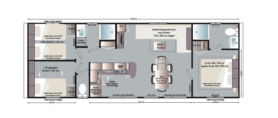 Mobil home Louisiane climatisé 3 chambres , toilette, salle de bain ,coin cuisine et coin repas .
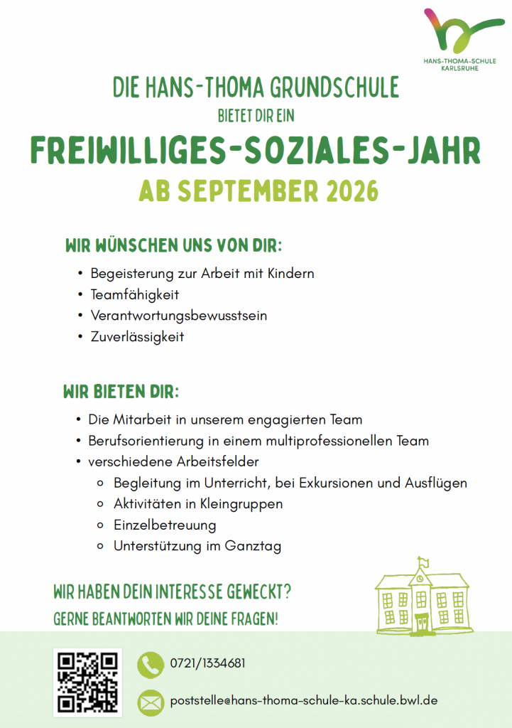 Die Hans-Thoma-Schule ist eine Ganztagesgrundschule in Wahlform in der Karlsruher Innenstadt-Ost, die sich durch jahrgangsgemischte Eingangsklassen und spezielle LRS-Förderangebote für eigene und externe Schüler*innen mit Lese-Rechtschreibschwierigkeiten auszeichnet.
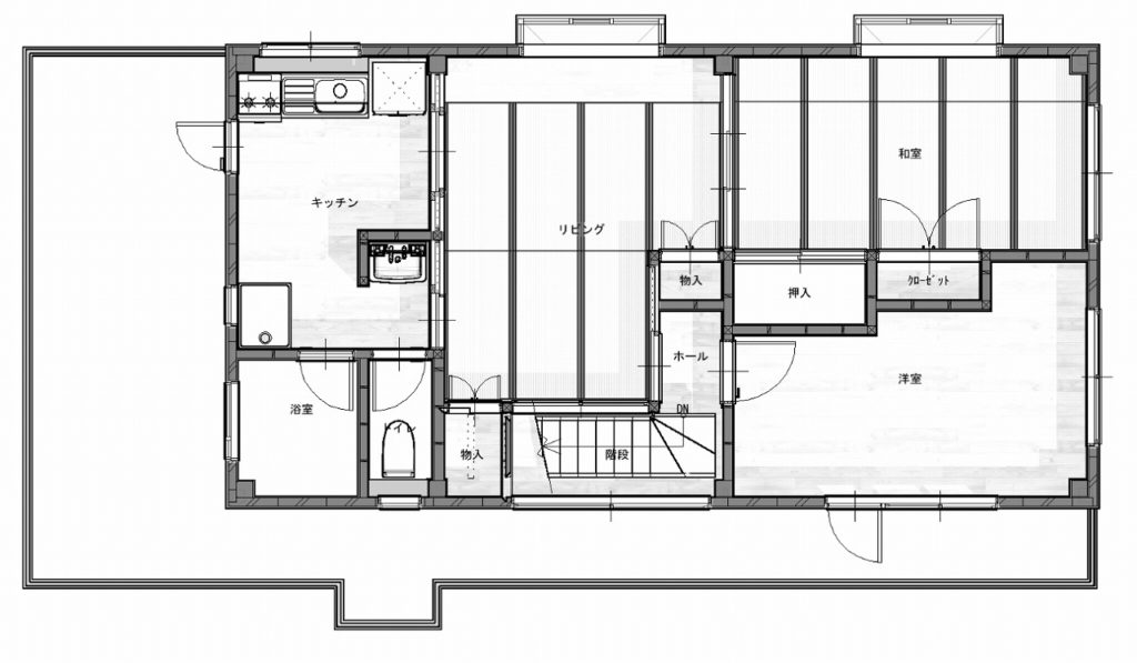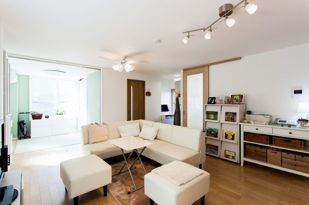 ご主人様のご実家に同居することになり、今回のリフォームの検討が始まりました。ご家族がとても仲が良く、近くにご親戚やお友達も多い上、アクティブで多趣味なご夫婦。人をたくさん呼べたり、卓球台を置いて練習が出来るような広いリビングをご希望でした。また、そんなリビングを見ながら料理が出来る、対面キッチンをご希望でした。
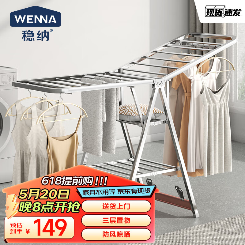 稳纳晾衣架衣架落地阳台晾衣杆折叠挂衣架室外晒被子架不锈钢衣架杆价格:169.00元!
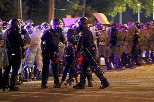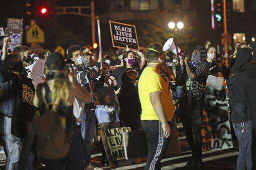 Police tweeted before 9 p.m. that the group had mostly dispersed and those who remained were being arrested. There was no immediate word on how many people were arrested or whether there were injuries. Police said earlier that law enforcement officers were hit with bottles. They also said that at one point protesters were taking trash bins from businesses and moving them into the roadway.
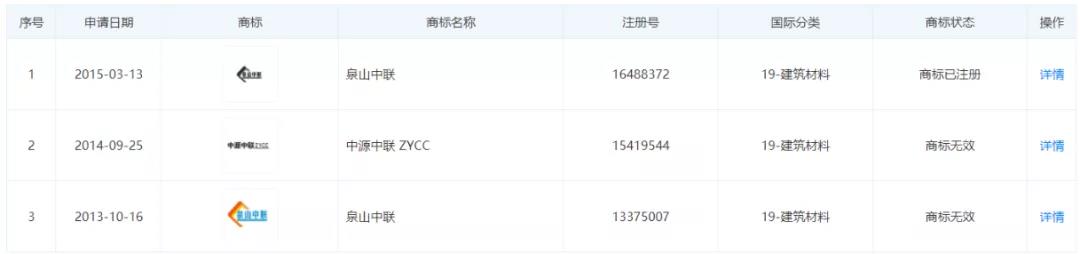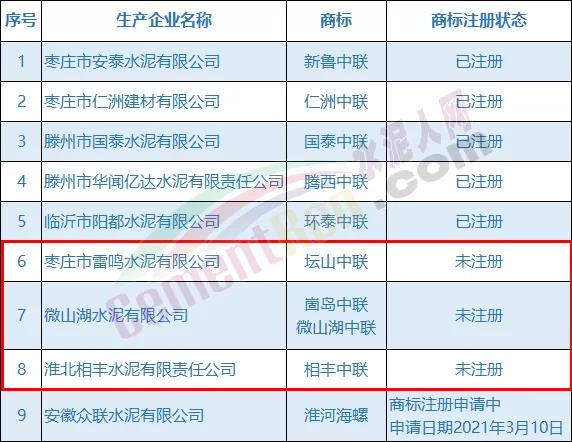從不合格水泥品牌列表可見有9家企業(yè)為“高仿品牌”水泥。8家企業(yè)商標(biāo)均帶有“中聯(lián)”字樣,其中5家商標(biāo)狀態(tài)為已注冊3家未注冊。雖注冊為“中聯(lián)”卻非中國聯(lián)合水泥集團(tuán)有限公司下屬企業(yè)。另一家企業(yè)商標(biāo)中帶有“海螺”字樣,商標(biāo)為申請注冊過程中,申請日期為上周三(2021年3月10日)也非安徽海螺水泥股份有限公司下屬企業(yè)。

# [Work to complete]
Every line from the one with "Die Hans-Thoma-Schule ist" through the end of the records is to be reproduced exactly, and the pictures are to be left out.

# [Result of this task]
 Die Hans-Thoma-Schule ist eine Ganztagesgrundschule in Wahlform in der Karlsruher Innenstadt-Ost, die sich durch jahrgangsgemischte Eingangsklassen und spezielle LRS-Förderangebote für eigene und externe Schüler*innen mit Lese-Rechtschreibschwierigkeiten auszeichnet.
 ご主人様のご実家に同居することになり、今回のリフォームの検討が始まりました。ご家族がとても仲が良く、近くにご親戚やお友達も多い上、アクティブで多趣味なご夫婦。人をたくさん呼べたり、卓球台を置いて練習が出来るような広いリビングをご希望でした。また、そんなリビングを見ながら料理が出来る、対面キッチンをご希望でした。
 稳纳晾衣架衣架落地阳台晾衣杆折叠挂衣架室外晒被子架不锈钢衣架杆价格:169.00元!
 Police tweeted before 9 p.m. that the group had mostly dispersed and those who remained were being arrested. There was no immediate word on how many people were arrested or whether there were injuries. Police said earlier that law enforcement officers were hit with bottles. They also said that at one point protesters were taking trash bins from businesses and moving them into the roadway.
從不合格水泥品牌列表可見有9家企業(yè)為“高仿品牌”水泥。8家企業(yè)商標(biāo)均帶有“中聯(lián)”字樣,其中5家商標(biāo)狀態(tài)為已注冊3家未注冊。雖注冊為“中聯(lián)”卻非中國聯(lián)合水泥集團(tuán)有限公司下屬企業(yè)。另一家企業(yè)商標(biāo)中帶有“海螺”字樣,商標(biāo)為申請注冊過程中,申請日期為上周三(2021年3月10日)也非安徽海螺水泥股份有限公司下屬企業(yè)。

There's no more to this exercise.